It's not that simple, you don't just need games to exist for a gaming platform to stay viable, you need good games that people not only want to play, but want to play on that particular platform, and the PC has less and less of that.

What the PC does have going for it at the moment is (MMO)RPG's, RTS'es, and casual/puzzle/made-for-your-mom games, and i guess also Flightsims (but this market has allways been extremely slow, releases are ages apart), in thease markets it still has some strong exclusive franchises that people want to play on their PC.

But all the rest are falling by the wayside, with only very rare exclusive releases, and whilst we still get many of thease titles as ports, that's no real reason to play them on the PC, often the PC version is the worst version (if for nothing else, then the DRM it has to put up with), and you could just as well be playing them on a cheaper Console.

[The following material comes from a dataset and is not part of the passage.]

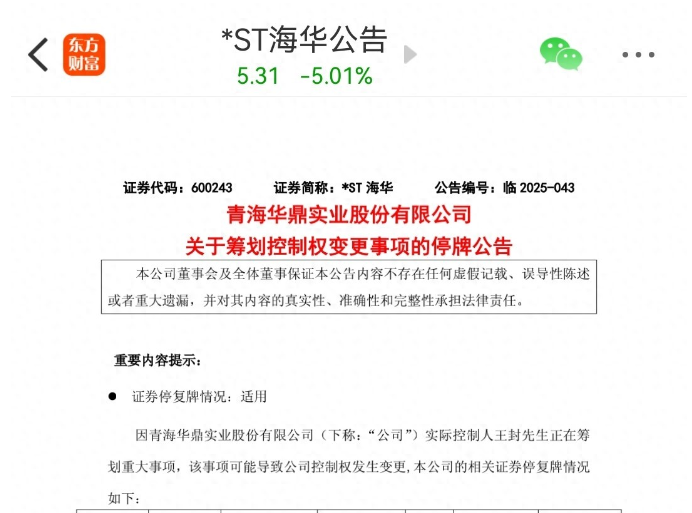 周末又一家公司筹划易主,准备停牌! 10月10日晚间,上市公司*ST海华发布公告称,公司实际控制人王封正在筹划重大事项,可能导致公司控制权发生变更,为保证公平信息披露,维护投资者利益,避免造成股价异常波动,公司股票将于2025年10月13日起停牌,预计停牌时间不超过2个交易日。 期间,公司将根据事项进展情况,严格按照有关法律法规的规定和要求履行信息披露义务。 *ST海华,原名青海华鼎,发行价4.55元,于2000年11月20日上市,所属行业为通用设备-其他通用设备,主营业务为齿轮、电梯配件等的研

For all thouse of us who want to play shooters, racers and all the other action oriented genres, the PC is in a dire state indeed, because thouse games have all but fully migrated to the Consoles, and all we get a DRM filled ports of them that never live up to the potential they could have as PC games, so it's no wonder that so many people choose to play them on their Consoles instead.

PC gaming will never truly be dead. Even if every "hardcore" game stopped coming to PC, there are plenty of other kinds of games that would still show up there.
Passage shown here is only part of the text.